In December 2002, the FBI decided to test whether a high-grade anthrax powder resembling the one mailed to the Senate could be made on a small budget, and without silica. To do this job, the bureau called upon Army scientists at Dugway Proving Ground, a desolate Army test range in southwestern Utah. By February 2003, the scientists at Dugway had finished their work. According to military sources with firsthand knowledge of this effort, the resulting powder “flew like penguins.” The experiment had failed. (Penguins can’t fly.)
Military sources say that Dugway washed and centrifuged the material four times to create a pure spore preparation, then dried it by solvent extraction and azeotropic distillation —a process developed by the U.S. Chemical Corps at Fort Detrick in the late 1950s. It is not a simple method, but someone familiar with it might be able to jury-rig a lab to get the job done. As recently as 1996, Bill Patrick says he taught scientists at Dugway how to do this.

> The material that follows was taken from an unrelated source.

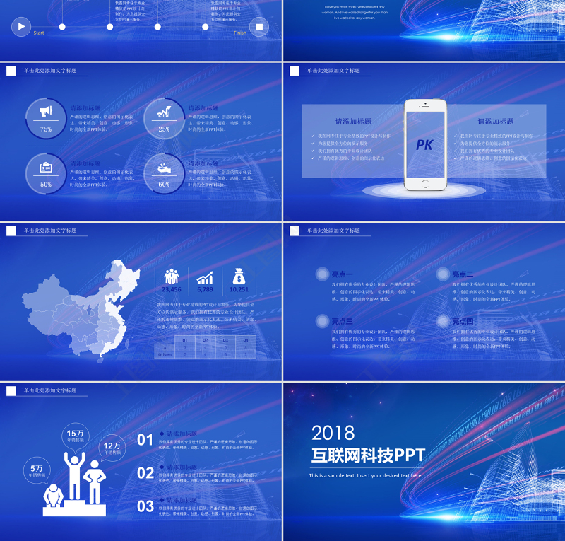 精美藍色互聯網公司科技感年終總結ppt工作計劃ppt工作總結包含

The FBI-Dugway effort produced a coarse powder. The spores—some dried under an infrared lamp and the others airdried —stuck together in little cakes, according to military sources, and then were sieved through “a fine steel mesh.” The resulting powder was placed into test tubes. When FBI officials arrived at Dugway to examine the results, a Dugway scientist shook one of the tubes. Unlike the electrostatically charged Senate anthrax spores that floated freely, the Dugway spores fell to the bottom of the test tube and stayed there. “That tells you the particles were too big,” says Spertzel. “It confirms what I’ve been saying all along: To make a good powder, you need an additive.”
... snip ...
Today, there is no firm evidence to link Iraq—or any other government—to the anthrax attacks. But some weapons experts such as Spertzel are still inclined to look for a sponsor with deep pockets, and they say Hussein’s regime cannot be ruled out. Spertzel’s main point, however, is that only a state-run facility or a corporation has the resources to make an anthrax powder as good as the one mailed to the Senate.